After a preview period that included participants from over 1,500 AWS customers ranging from startups to global enterprises, I am happy to be able to announce that Amazon QuickSight is now generally available! When I invited you to join the preview last year, I wrote:
In the past, Business Intelligence required an incredible amount of undifferentiated heavy lifting. You had to pay for, set up and run the infrastructure and the software, manage scale (while users fret), and hire consultants at exorbitant rates to model your data. After all that your users were left to struggle with complex user interfaces for data exploration while simultaneously demanding support for their mobile devices. Access to NoSQL and streaming data? Good luck with that!
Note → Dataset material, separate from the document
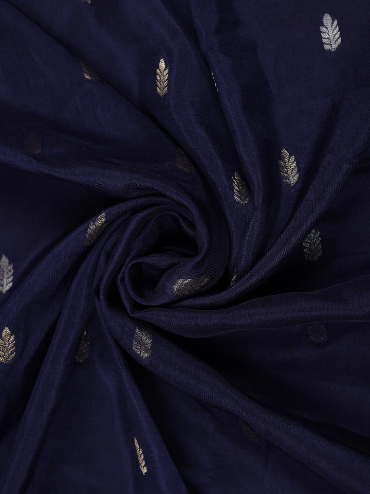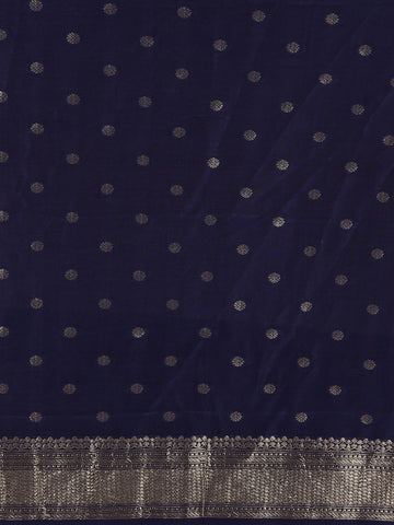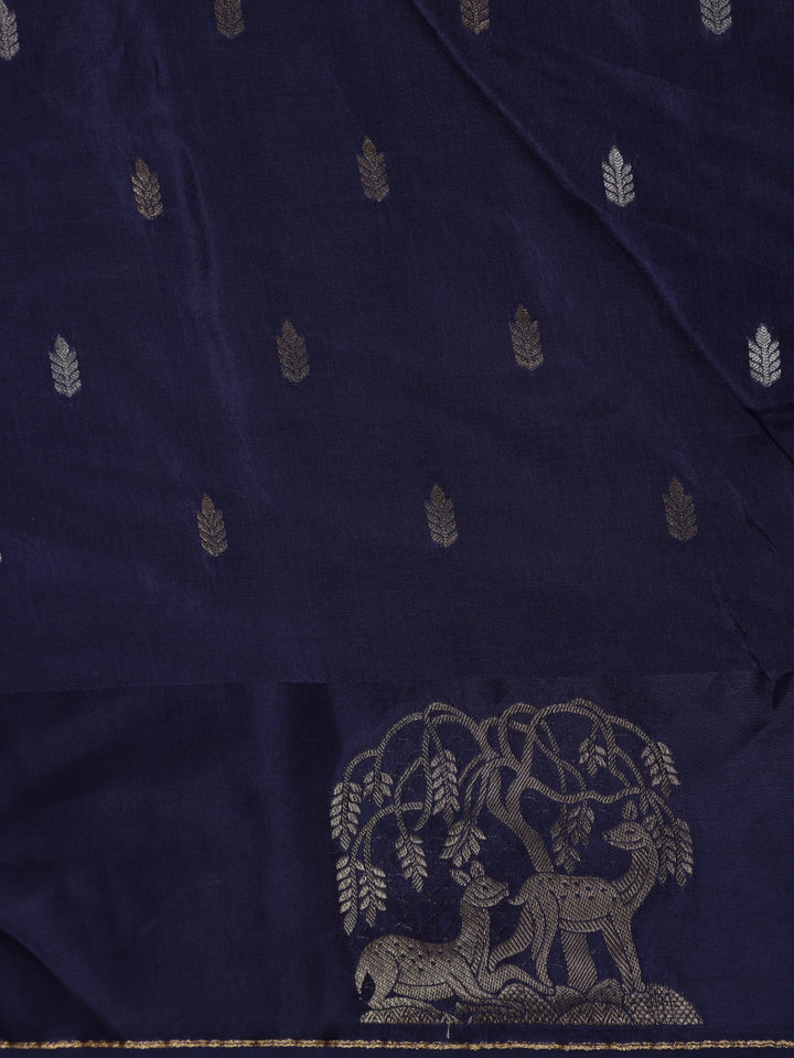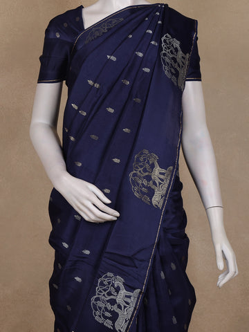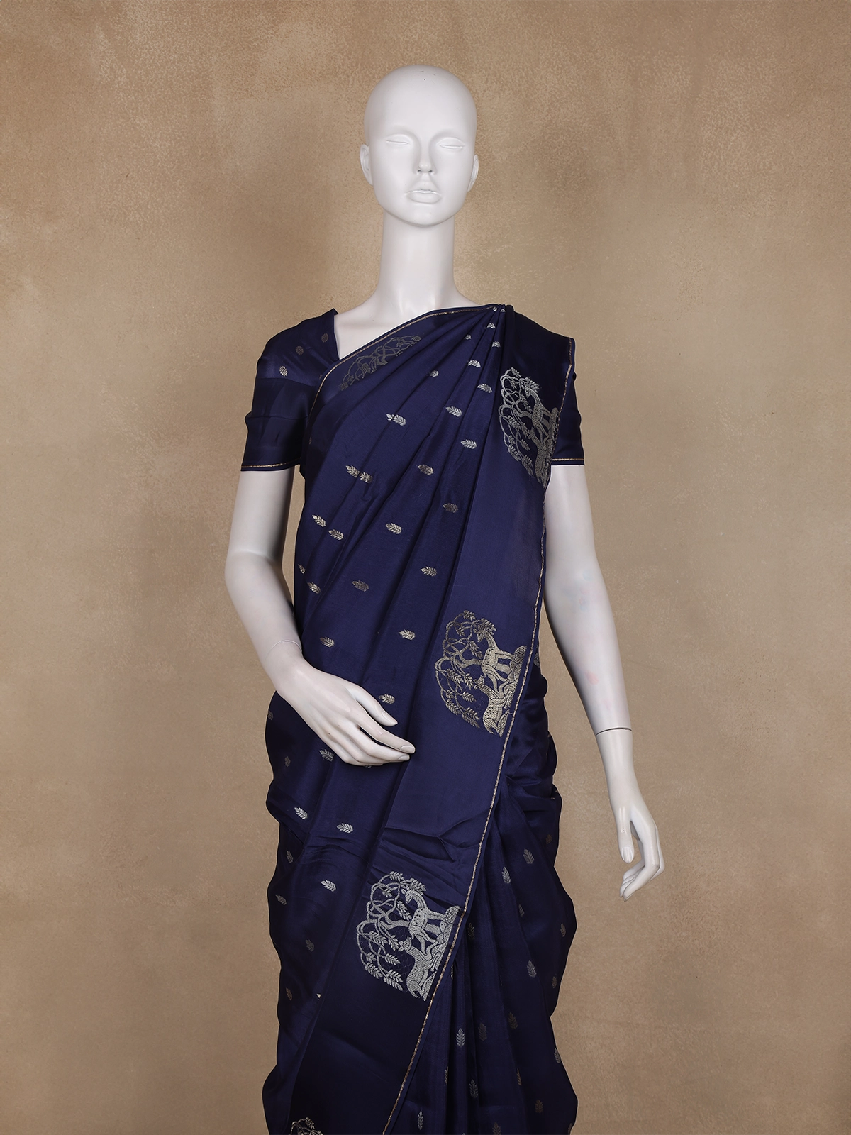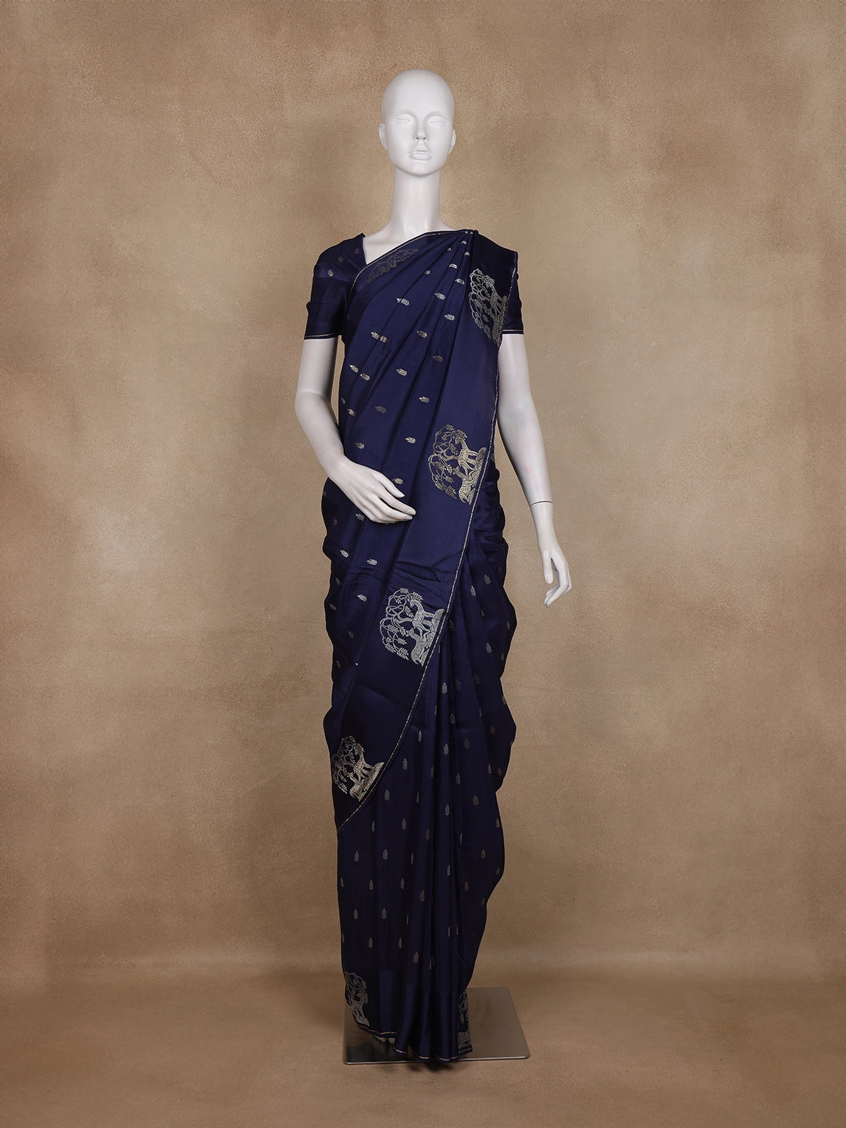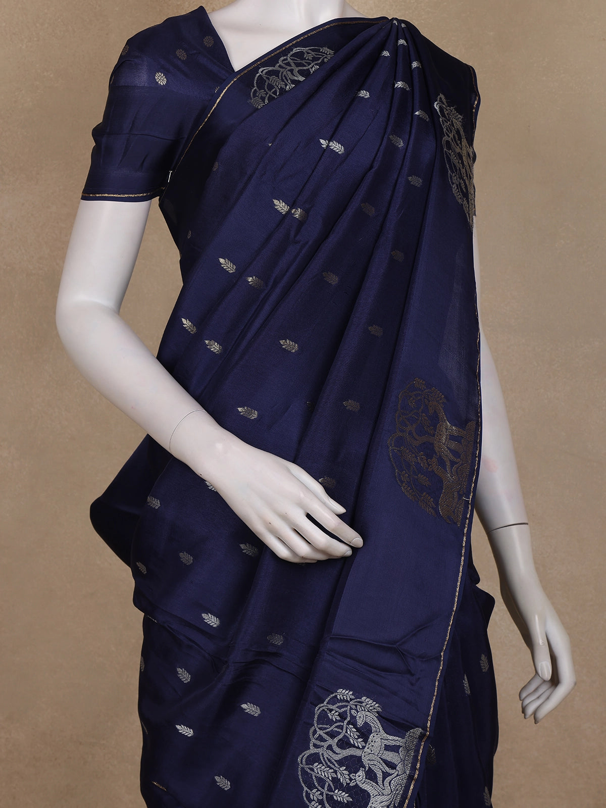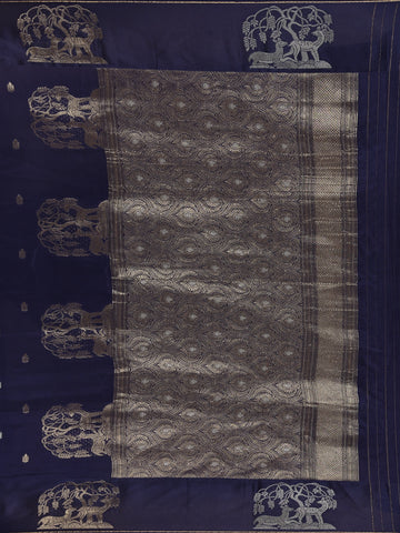 Navy Blue Butta Woven Design Semi Banarasi Saree withAnimal design Border

Amazon QuickSight provides you with very fast, easy to use, cloud-powered business analytics at 1/10th the cost of traditional on-premises solutions. QuickSight lets you get started in minutes. You log in, point to a data source, and begin to visualize your data. Behind the scenes, the SPICE (Super-fast, Parallel, In-Memory Calculation Engine) will run your queries at lightning speed and provide you with highly polished data visualizations.
Deep Dive into Data
Every customer that I speak with wants to get more value from their stored data. They realize that the potential value locked up within the data is growing by the day, but are sometimes disappointed to learn that finding and unlocking that value can be expensive and difficult. On-premises business analytics tools are expensive to license and can place a heavy load on existing infrastructure. Licensing costs and the complexity of the tools can restrict the user base to just a handful of specialists. Taken together, all of these factors have led many organizations to conclude that they are not ready to make the investment in a true business analytics function.
QuickSight is here to change that! It runs as a service and makes business analytics available to organizations of all shapes and sizes. It is fast and easy to use, does not impose a load on your existing infrastructure, and is available for a monthly fee that starts at just $9 per user.
As you’ll see in a moment, QuickSight allows you to work on data that’s stored in many different services and locations. You can get to your Amazon Redshift data warehouse, your Amazon Relational Database Service (RDS) relational databases, or your flat files in S3. You can also use a set of connectors to access data stored in on-premises MySQL, PostgreSQL, and SQL Server databases, Microsoft Excel spreadsheets, Salesforce and other services.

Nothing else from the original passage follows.